The site-specific cleavage of double-stranded RNA by ribonuclease III of Escherichia coli is a key step in the maturation, function and decay of cellular and viral RNAs. Nucleases similar to RNase III occur in eukaryotic cells, and perform similar functional roles. The long-term objective is to determine the enzymatic mechanism of double-stranded RNA recognition and cleavage and its role in RNA maturation, function and decay. Specific Watson- Crick base-pair sequences determine the RNase III binding site, and an internal loop determines whether one or both RNA strands are cleaved The pattern of cleavage in turn controls RNA function and half-life. The Specific Aims are to: 1. Determine the Watson-Crick base-pair sequence features which confer specific binding of RNase III. RNase III recognition of substrate is dependent upon specific Watson-Crick base-pair (W-C bp) sequences near the cleavage site. To determine W-C bp sequence features which confer specific binding, substrates containing bp substitutions or base analogues lacking functional groups will be tested for their in vitro binding and cleavage activities. In vitro genetic selection will determine the range of W-C bp sequences that confers specific binding. 2. Determine the RNA structural features that confer single-strand cleavage. An internal loop switches the pattern of double-strand cleavage to single-strand cleavage. To determine how this motif allows RNase III binding, but confers single-strand cleavage, mutant substrates with altered internal loop sequences will be tested for their binding affinities and cleavage reactivities. In vitro genetic selection will be used to determine the range of internal loop structures that confer binding and/or cleavage. 3. Determine 2'-hydroxyl group involvement in binding, and the energetic contribution of ionic and hydrophobic interactions. A specific set of substrate 2'-hydroxyls and phosphodiester oxygens may directly contact RNase III and contribute to overall binding energy. To identify the 2'-hydroxyl groups important for binding 2'-deoxyphosphorothioate-substituted RNAs will be used in modification-interference assays, and site-directed 2'-deoxy- substituted substrates will be tested for their in vitro binding and cleavage reactivities. The ionic and hydrophobic contributions to binding will be determined by measuring substrate binding affinities as a function of salt concentration and temperature, respectively.

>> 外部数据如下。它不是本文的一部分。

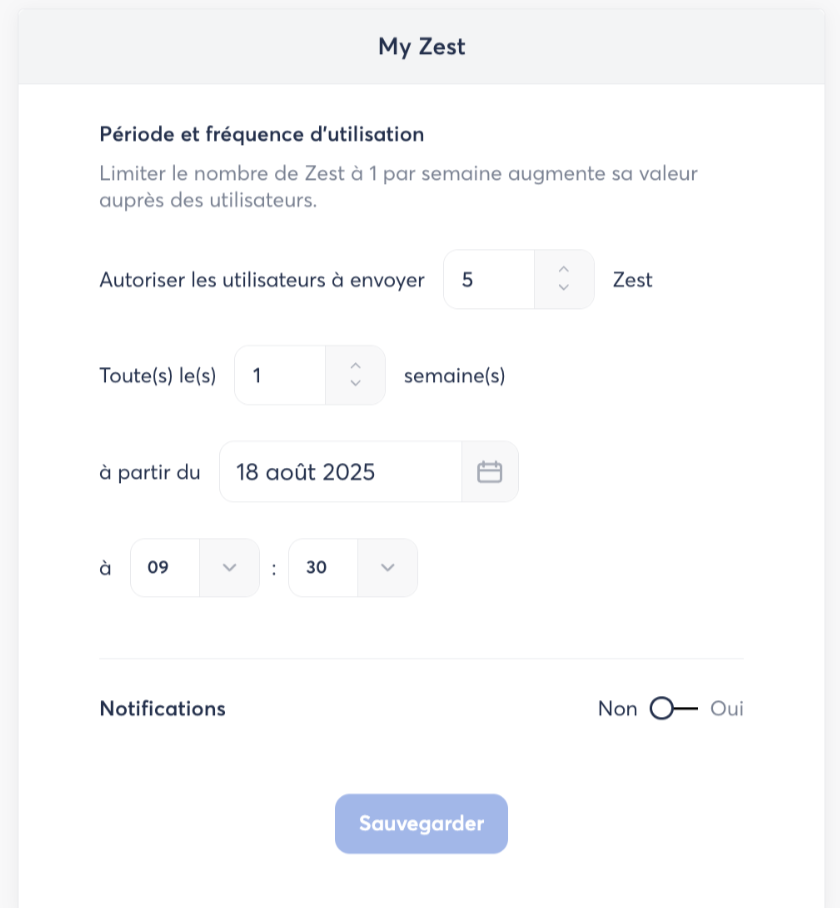 • D’ajuster le nombre de Zest à envoyer par semaine (ou fréquence défini en dessous)

大肠杆菌核糖核酸酶III对双链RNA的位点特异性切割是细胞和病毒RNA成熟、功能和降解的关键步骤。 类似于RNase III的核酸酶存在于真核细胞中，并且执行类似的功能作用。 长期目标是确定双链RNA识别和切割的酶机制及其在RNA成熟，功能和衰变中的作用。 特异性的沃森-克里克碱基对序列决定了RNA酶III的结合位点，而内环决定了一条或两条RNA链是否被切割。切割的模式反过来控制RNA的功能和半衰期。 具体目标是：1. 确定赋予RNase III特异性结合的沃森-克里克碱基对序列特征。 RNase III对底物的识别依赖于切割位点附近的特异性Watson-Crick碱基对（W-C bp）序列。 为了确定赋予特异性结合的W-C bp序列特征，将检测含有bp取代或缺少官能团的碱基类似物的底物的体外结合和切割活性。 体外遗传选择将确定赋予特异性结合的W-C bp序列的范围。 2. 确定赋予单链切割的RNA结构特征。 内环将双链切割模式转换为单链切割模式。 为了确定该基序如何允许RNA酶III结合，但赋予单链切割，将测试具有改变的内环序列的突变体底物的结合亲和力和切割反应性。 体外遗传选择将用于确定赋予结合和/或切割的内环结构的范围。 3.确定2 '-羟基参与结合，以及离子和疏水相互作用的能量贡献。 一组特定的底物2 '-羟基和磷酸二酯氧可以直接接触RNA酶III并有助于总结合能。 为了鉴定对于结合重要的2 '-羟基，将在修饰-干扰测定中使用2'-脱氧硫代磷酸酯取代的RNA，并且将测试定点2 '-脱氧取代的底物的体外结合和切割反应性。 通过测量底物结合亲和力分别作为盐浓度和温度的函数来确定离子和疏水性对结合的贡献。